The 20th edition of the Young Euro Classic festival ended August 6 with a record attendance of 27,000 visitors. Over the course of two weeks acclaimed international orchestras gave a series of concerts in the Berlin Konzerthaus [concert hall] situated in the city’s Gendarmenmarkt. Some 1,200 young musicians from all over the world took part in the 19 concerts.

The musical focus of the festival was Ludwig van Beethoven (1770-1827). Next year marks the 250th anniversary of his birth and all nine of the German composer’s symphonies were played in addition to a number of his other works.

The young artists interpreted this titan of classical music in their own fashion—without exaggerated pathos, but with great seriousness and respect. While technically not always flawless, they were clearly moved by and gave expression to the revolutionary spirit of Beethoven that has so much relevance today.

They “brought Beethoven to life,” as one visitor wrote succinctly in a guest book, following a performance by the Israeli-Palestinian Galilee Chamber Orchestra.

The Young Euro Classic festival was first established as a purely European youth orchestra event at the turn of the millennium based on the desire of its founding members and sponsors to provide a “sign for an open community, a sign for Europe.” The occasion was the end of the Cold War and all the accompanying illusions in a “new era” of peace and democracy to be promoted by the European Union (EU).

Since 2000, almost 25,000 young musicians and 200 orchestras from over 70 countries have played at the festival, which has long since been extended beyond Europe to other continents.
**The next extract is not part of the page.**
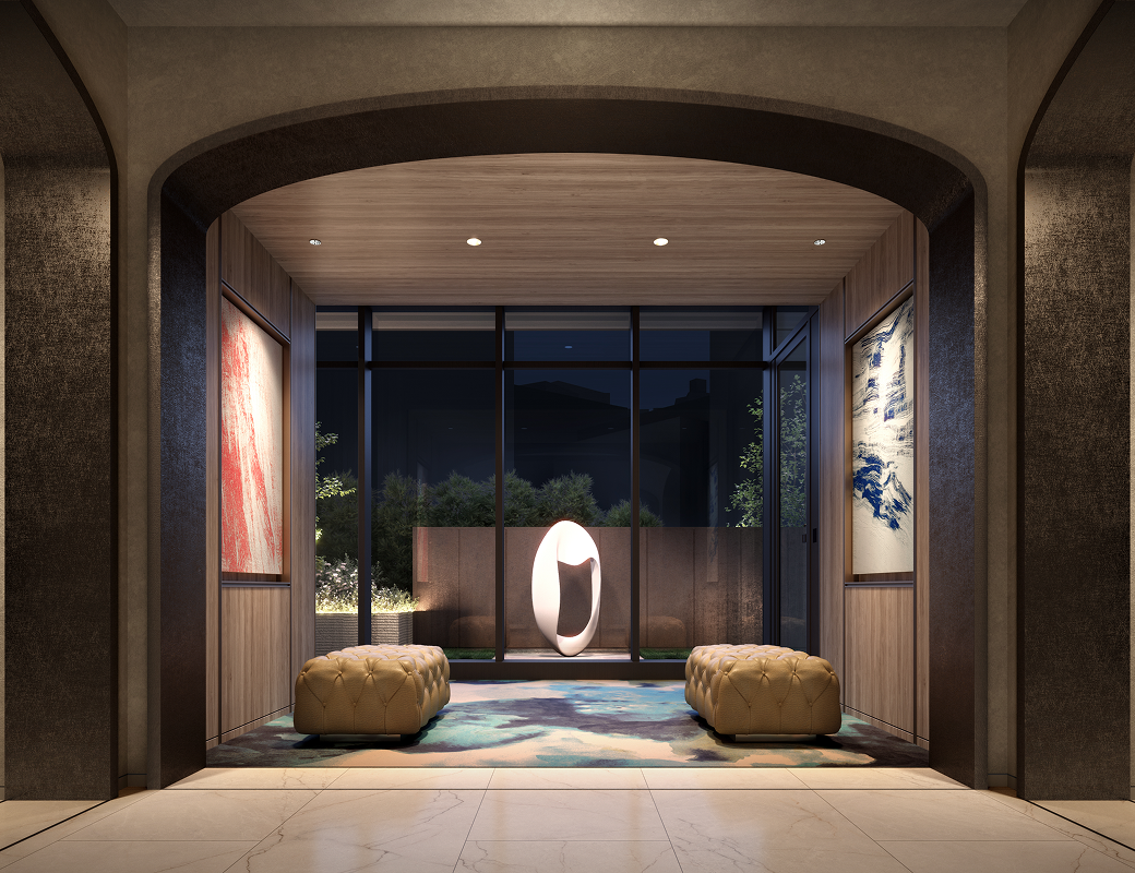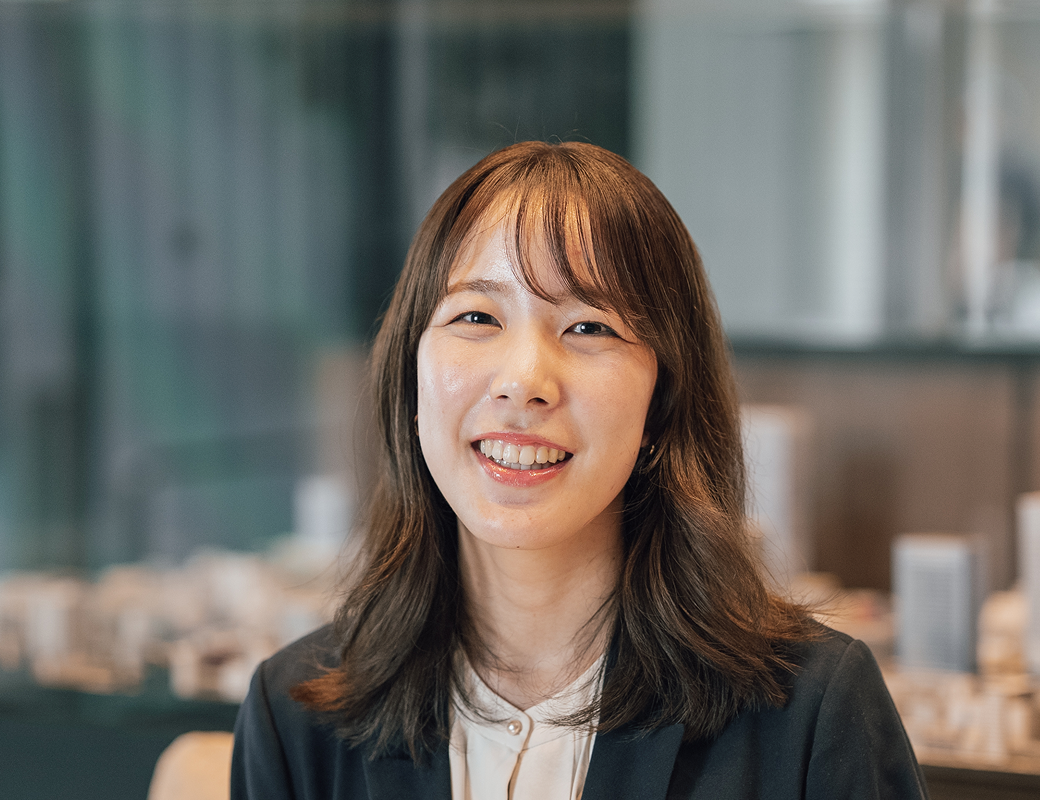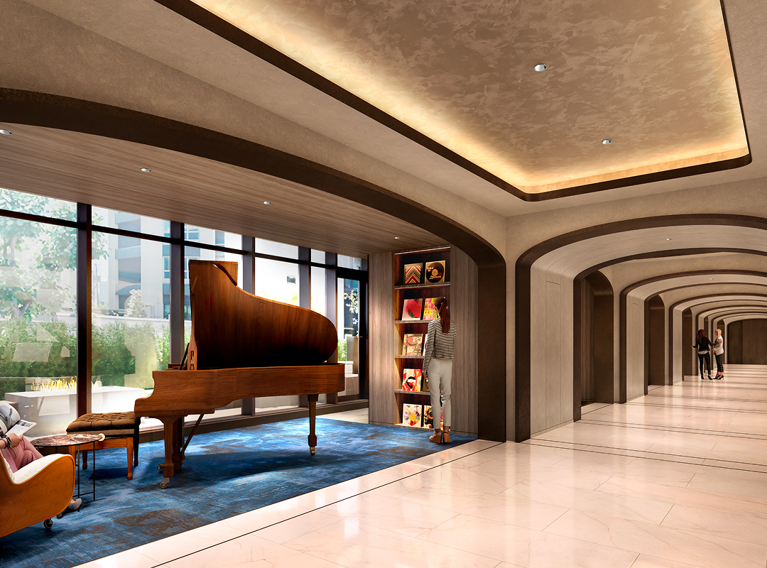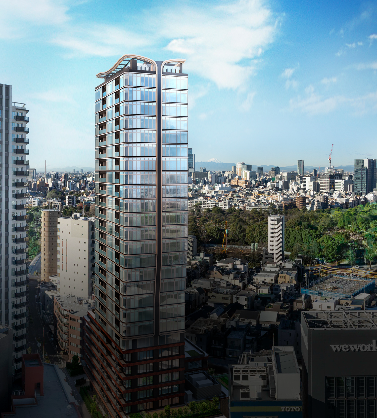 ここに住まう方々が、ただ暮らすだけでなく日々の躍動に向けた“止まり木”となり、自分らしい未来へと羽ばたく力を得られる住まいにしたい。そんな想いを込めてコンセプトは「Fly Up」としました。そして外観・ランドスケープ・共用部デザインはホシノアーキテクツさんに具現化していただきました。外観は低層と高層で異なる2面性を持ち、低層部は乃木坂の豊かな緑や周辺建物、本敷地にあった建物のレンガ調を継承し、高層部は空を映す美しいガラスファサードで、頂部にはFly Upを象徴する、空へ翼を広げるようなクラウンを設けました。緩やかなカーブ表現やライトの色味・明るさ・向きなど、関係者で何度も協議を重ねて実現しました。

The program has included more than 250 world and German premieres.

This year, in addition to many European orchestras, orchestras came from Chile, the Dominican Republic, Tatarstan, China, the US and Israel. A British ensemble made the point of contacting the festival’s director and indicating their strong desire to participate in the Young Euro Classic before the Brexit deadline, since they don’t know what will happen after it.

The festival was characterised by clear contradictions. Its themes of cosmopolitanism, humanity and tolerance are increasingly in conflict with the reality of the EU and the development of capitalism. Young musicians are largely responding with thoughtfulness and commitment, and their interpretations of classical music have clearly gained in depth. Many premieres had lost the character of mere sound experiments. On the other hand, the festival organisers visibly sought to conflate their own official motto with EU propaganda on the occasion of the festival’s 20th anniversary.

Beethoven’s Ninth Symphony as a “sing-along concert” under EU flags

It was no coincidence that the main event, featuring Beethoven’s famed Symphony No. 9 in D Minor (1822-24), was organised as a “sing-along concert,” played by the European Union Youth Orchestra (EUYO) under the direction of Vasily Petrenko. The “Ode to Joy” based on the text by Friedrich Schiller at the end of the symphony provides the basis for the EU anthem.

The August 4 concert was broadcast to those outside on the Gendarmenmarkt, a major square in Berlin, where the crowd was encouraged to sing the “Ode to Joy” and raise their “voices for Europe.” The text of the piece had been distributed and a choirmaster led the singing, while festival officials waved EU flags.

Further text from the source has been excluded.